Carrefour China lets staff set up trade union
Retailer Carrefour yesterday announced the opening of a trade union to cover its five outlets in the city. The organization, which is the company’s first in Guangdong Province, will have a branch in each outlet and represent some 590 employees. It will be chaired by Li Wenkai, a department manager at one of the stores.
Pierre Bertholat, vice-president of Carrefour China, said: “We hope the union will play an active role in organizing activities and do its bit to contribute to an invigorated corporate culture and to the protection of the worker’s rights.” Joanna Meng, human resources director, said establishing the trade union was part of its localization strategy.
“Carrefour is witnessing a rapid expansion in China and we will step up efforts to set up trade unions in all of our outlets across the nation,” she said.
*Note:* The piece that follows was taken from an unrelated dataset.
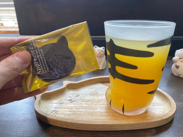 セットが到着したときにその見た目からキュン!トレーがお昼寝中の猫の形だったり、コップが猫足だったりと猫にまつわる形がたくさんでかわいすぎます。取材時のお菓子は、こちらも猫の形をしたココアクッキーでした。

Carrefour has opened 13 outlets in China this year, taking its total to 100, and plans to open a further 10 by the year’s end.
Zeng Fanqiang, trade union chairman of Guangzhou Development District, where Carrefour’s South China territory is registered, said the setting up of the union was a positive move. “I hope the union will aid Carrefour’s labor-management relations and unite employees,” he said.
More than 70 percent of the province’s 36,200 foreign-funded companies now have a union. Sixty-eight were set up last year. In addition, more than two-thirds of the multinationals represented in the province have established unions, with the remainder expected to do so by the end of the year.